Com o cemitério já em funcionamento, em 1975 e 1976 ocorreram exumações em massa nas quadras 1 e 2 de Perus, ocupadas pelos indigente. Os ossos foram ensacados sem identificação e, após alguns meses amontoados em uma sala do velório, foram descartados na vala comum descoberta anos mais tarde.
Mesmo com condições favoráveis à época para a cremação das ossadas, elas foram colocadas na vala. A CPI não encontrou respostas para essa decisão, mas considera que tenha sido a solução mais discreta, já que não seria simples transportar e queimar as 1.049 ossadas na Vila Alpina.
Em meio a essas ossadas estavam presos políticos desaparecidos que foram mortos pelo aparelho de repressão da Ditadura.

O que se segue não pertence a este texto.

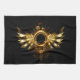 Shiny mechanical wings, with gears and brass round banner. Steampunk
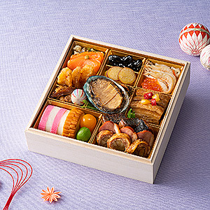 ●内容:つぶ貝わさび漬、スモークサーモントラウト柚子胡椒添え、黒豆、五郎島金時きんとん、五郎島金時芋スライス、白海老甘酢漬、味付けいくら、紅白なます、のどぐろ南蛮漬、てまり餅、牛肉とごぼうのしぐれ煮、松前漬、煮あわび、角煮、紅白蒲鉾、伊達巻、金柑蜜漬、若桃蜜漬、ぶり照焼、合鴨燻製、牛肉八幡巻

As decisões sobre a construção do cemitério, o seu uso, o crematório e a criação da vala aconteceram durante as gestões dos prefeitos Paulo Maluf, Figueiredo Ferraz e Miguel Colassuono, durante o Regime Militar, com base no Sistema de Segurança Interna, criado em 1970 para articular as ações das instâncias Federal, Estadual e Municipal.
O trabalho da CPI foi de grande contribuição para a luta histórica dos familiares de mortos e desaparecidos do período da Ditadura Militar e até hoje, com base na antropologia forense, estamos cuidando das ossadas buscando identificar novos presos políticos – cinco já foram identificados.
As descobertas da comissão também escancararam o descaso e a forma desrespeitosa como eram e ainda são tratados os indigentes, deixando milhares de famílias sem a chance de se despedir e de cuidar de seus mortos. O Instituto Médico Legal e o Serviço de Verificação de Óbitos do município continuam a considerar que pessoas, mesmo portando RG, devem ser enterradas como indigentes se não forem procuradas em até 72 horas após sua morte.